Quelque 55 logements ont ainsi été livrés, à Meaux, pour un prix allant de 101 000 euros (pour 80 à 90 m2) à 160 000 euros, réservés aux primo-accédants venus du parc HLM. A Saint-Raphaël (Var), le maire et Icade proposent aux jeunes couples travaillant sur la commune 120 logements à 2 100 euros le m2, 40 % sous le prix du marché. Au total, Icade Pierre Pour Tous mène une dizaine de projets pour 400 logements.

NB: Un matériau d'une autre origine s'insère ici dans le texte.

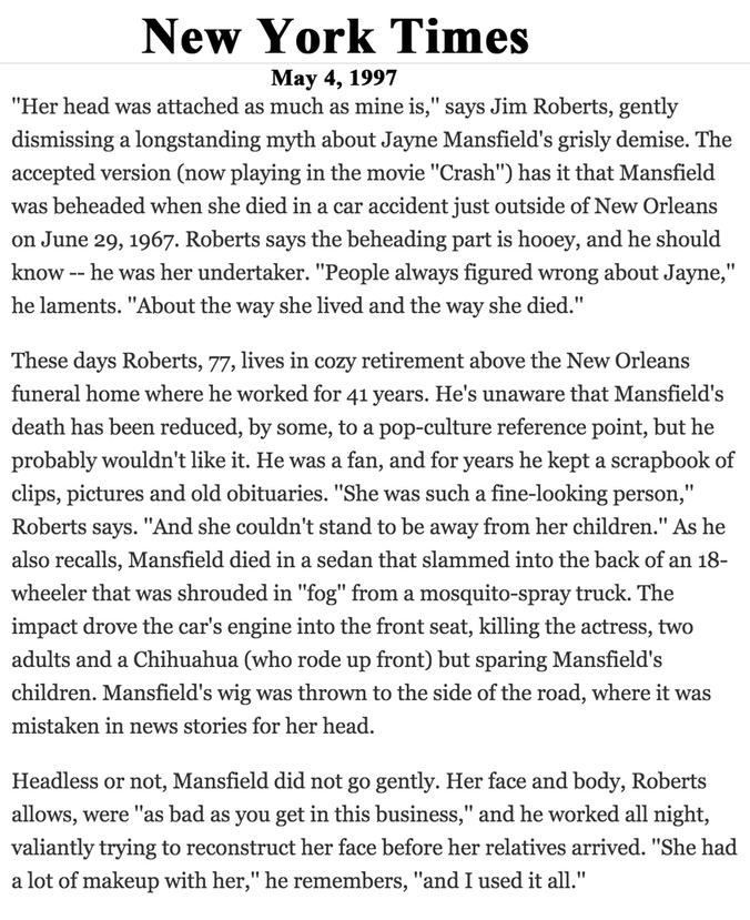 Jayne Mansfield Death Car Today / The death of actress jayne mansfield who died and was decapitated in a car accident. Jayne Mansfield Death Car Today / 3264 x 2448 jpeg 2060 kb.

Le promoteur Bouygues Immobilier a, lui, créé, en 2006, les maisons Elika et acquis, depuis, un portefeuille de terrains pour bâtir environ 900 maisons. Les premières seront livrées à Verdun (Meuse), pour des prix allant de 120 000 à 140 000 euros, terrain inclus.
Même avec les techniques de construction les plus économes, la clef des maisons bon marché reste décidément entre les mains des maires, seuls en mesure de débloquer des terrains.
Isabelle Rey-Lefebvre
Article paru dans l'édition du 16.11.07.